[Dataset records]

>>>

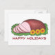 Vykortet har en originell tuschillustration av en utsökt skivad glaserad skinka, med LYCKLIGA HÖGTIDER i ett roligt teckensnitt. Perfekt för att skicka julhögtiderhälsningar!
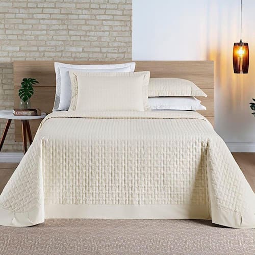 Com um design matelado, o Cobre Leito Harmonia apresenta um padrão de costura delicado e elegante, proporcionando uma aparência sofisticada à sua cama. Esse detalhe especial também ajuda a manter o enchimento do cobre leito no lugar, evitando que ele se mova durante a noite.
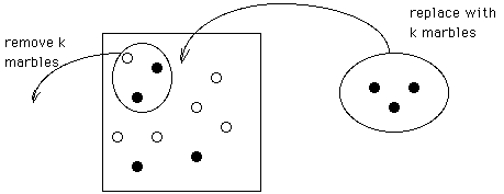 Key assumption: For each reinforcement, k marbles are randomly sampled and replaced with k red marbles. Because the marbles are randomly sampled, the replaced marbles contain some red and some white. The number of red marbles on trial n is therefore equal to the previous number, minus those taken out, plus k red:
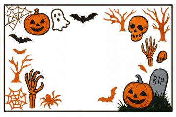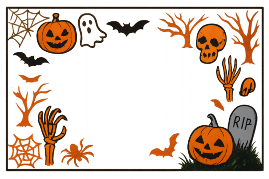 Halloween Frame with Pumpkins, Bats and Skull – Spooky  Border Design
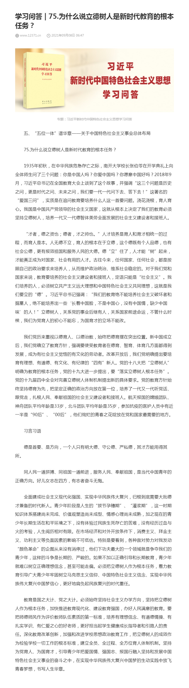 75.为什么说立德树人是新时代教育的根本任务?
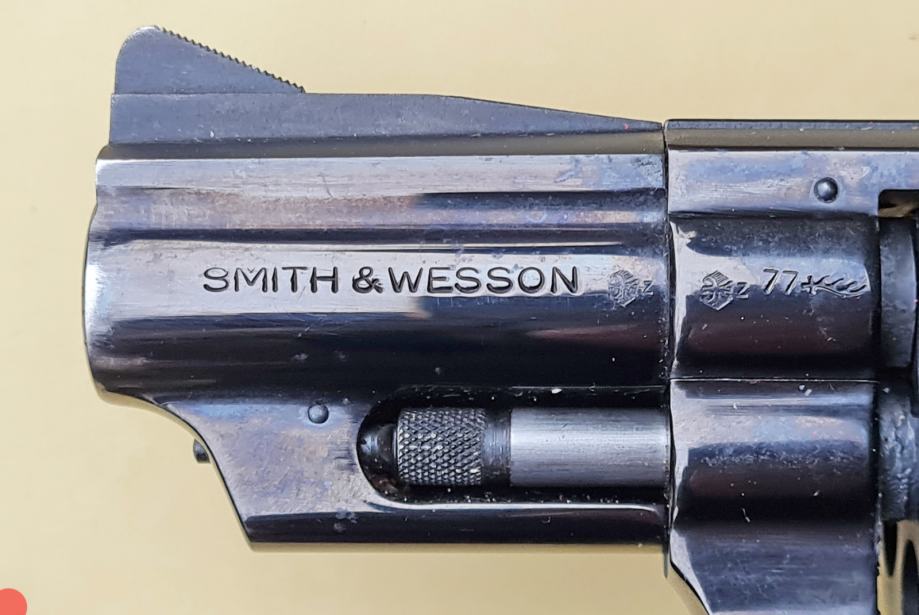 Prodam odlično ohranjen revolver Smith & Wesson model 19 »Combat Magnum« kalibra .357 magnum, gumijasti ročaj Pachmayr.

<<<

Work order. Reproduce exactly the part of the records above that begins at the line holding "Halloween Frame with" and ends at the final line, both included, leaving out the pictures.

The completed task.
 Halloween Frame with Pumpkins, Bats and Skull – Spooky  Border Design
 75.为什么说立德树人是新时代教育的根本任务?
 Prodam odlično ohranjen revolver Smith & Wesson model 19 »Combat Magnum« kalibra .357 magnum, gumijasti ročaj Pachmayr.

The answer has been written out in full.